Data for this exercise:
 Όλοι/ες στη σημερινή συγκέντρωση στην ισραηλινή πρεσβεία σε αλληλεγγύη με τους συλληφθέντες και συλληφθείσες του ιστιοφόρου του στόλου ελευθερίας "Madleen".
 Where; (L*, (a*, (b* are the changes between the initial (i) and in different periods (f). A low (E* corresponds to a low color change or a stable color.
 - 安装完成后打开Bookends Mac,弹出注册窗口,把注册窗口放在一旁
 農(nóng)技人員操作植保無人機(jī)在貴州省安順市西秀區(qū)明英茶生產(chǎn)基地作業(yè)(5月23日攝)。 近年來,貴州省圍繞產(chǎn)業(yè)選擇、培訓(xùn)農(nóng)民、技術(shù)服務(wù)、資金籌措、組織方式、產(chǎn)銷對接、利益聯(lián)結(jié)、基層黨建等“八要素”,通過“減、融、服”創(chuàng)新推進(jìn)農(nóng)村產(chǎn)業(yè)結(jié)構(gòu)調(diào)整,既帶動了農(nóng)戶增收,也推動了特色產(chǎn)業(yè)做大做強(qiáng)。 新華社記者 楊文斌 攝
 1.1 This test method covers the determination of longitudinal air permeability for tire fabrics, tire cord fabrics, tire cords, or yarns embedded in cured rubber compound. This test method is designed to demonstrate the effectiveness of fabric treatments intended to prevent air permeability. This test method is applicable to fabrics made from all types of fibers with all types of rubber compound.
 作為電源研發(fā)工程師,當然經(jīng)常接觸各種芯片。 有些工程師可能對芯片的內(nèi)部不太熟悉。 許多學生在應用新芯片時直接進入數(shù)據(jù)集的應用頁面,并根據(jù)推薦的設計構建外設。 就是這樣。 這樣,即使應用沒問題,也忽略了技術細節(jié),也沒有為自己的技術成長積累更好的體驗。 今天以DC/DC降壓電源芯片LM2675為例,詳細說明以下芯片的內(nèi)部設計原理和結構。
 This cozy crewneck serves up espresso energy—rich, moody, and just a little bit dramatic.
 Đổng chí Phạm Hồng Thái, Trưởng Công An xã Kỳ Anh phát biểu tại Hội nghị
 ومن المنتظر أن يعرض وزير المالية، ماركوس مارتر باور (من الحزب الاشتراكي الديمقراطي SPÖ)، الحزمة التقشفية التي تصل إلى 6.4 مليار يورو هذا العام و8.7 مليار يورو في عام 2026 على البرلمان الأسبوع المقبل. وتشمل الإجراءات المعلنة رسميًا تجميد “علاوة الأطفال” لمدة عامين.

Problem:
Every entry shown above should be written out again without a single difference.

Answer box:
 Όλοι/ες στη σημερινή συγκέντρωση στην ισραηλινή πρεσβεία σε αλληλεγγύη με τους συλληφθέντες και συλληφθείσες του ιστιοφόρου του στόλου ελευθερίας "Madleen".
 Where; (L*, (a*, (b* are the changes between the initial (i) and in different periods (f). A low (E* corresponds to a low color change or a stable color.
 - 安装完成后打开Bookends Mac,弹出注册窗口,把注册窗口放在一旁
 農(nóng)技人員操作植保無人機(jī)在貴州省安順市西秀區(qū)明英茶生產(chǎn)基地作業(yè)(5月23日攝)。 近年來,貴州省圍繞產(chǎn)業(yè)選擇、培訓(xùn)農(nóng)民、技術(shù)服務(wù)、資金籌措、組織方式、產(chǎn)銷對接、利益聯(lián)結(jié)、基層黨建等“八要素”,通過“減、融、服”創(chuàng)新推進(jìn)農(nóng)村產(chǎn)業(yè)結(jié)構(gòu)調(diào)整,既帶動了農(nóng)戶增收,也推動了特色產(chǎn)業(yè)做大做強(qiáng)。 新華社記者 楊文斌 攝
 1.1 This test method covers the determination of longitudinal air permeability for tire fabrics, tire cord fabrics, tire cords, or yarns embedded in cured rubber compound. This test method is designed to demonstrate the effectiveness of fabric treatments intended to prevent air permeability. This test method is applicable to fabrics made from all types of fibers with all types of rubber compound.
 作為電源研發(fā)工程師,當然經(jīng)常接觸各種芯片。 有些工程師可能對芯片的內(nèi)部不太熟悉。 許多學生在應用新芯片時直接進入數(shù)據(jù)集的應用頁面,并根據(jù)推薦的設計構建外設。 就是這樣。 這樣,即使應用沒問題,也忽略了技術細節(jié),也沒有為自己的技術成長積累更好的體驗。 今天以DC/DC降壓電源芯片LM2675為例,詳細說明以下芯片的內(nèi)部設計原理和結構。
 This cozy crewneck serves up espresso energy—rich, moody, and just a little bit dramatic.
 Đổng chí Phạm Hồng Thái, Trưởng Công An xã Kỳ Anh phát biểu tại Hội nghị
 ومن المنتظر أن يعرض وزير المالية، ماركوس مارتر باور (من الحزب الاشتراكي الديمقراطي SPÖ)، الحزمة التقشفية التي تصل إلى 6.4 مليار يورو هذا العام و8.7 مليار يورو في عام 2026 على البرلمان الأسبوع المقبل. وتشمل الإجراءات المعلنة رسميًا تجميد “علاوة الأطفال” لمدة عامين.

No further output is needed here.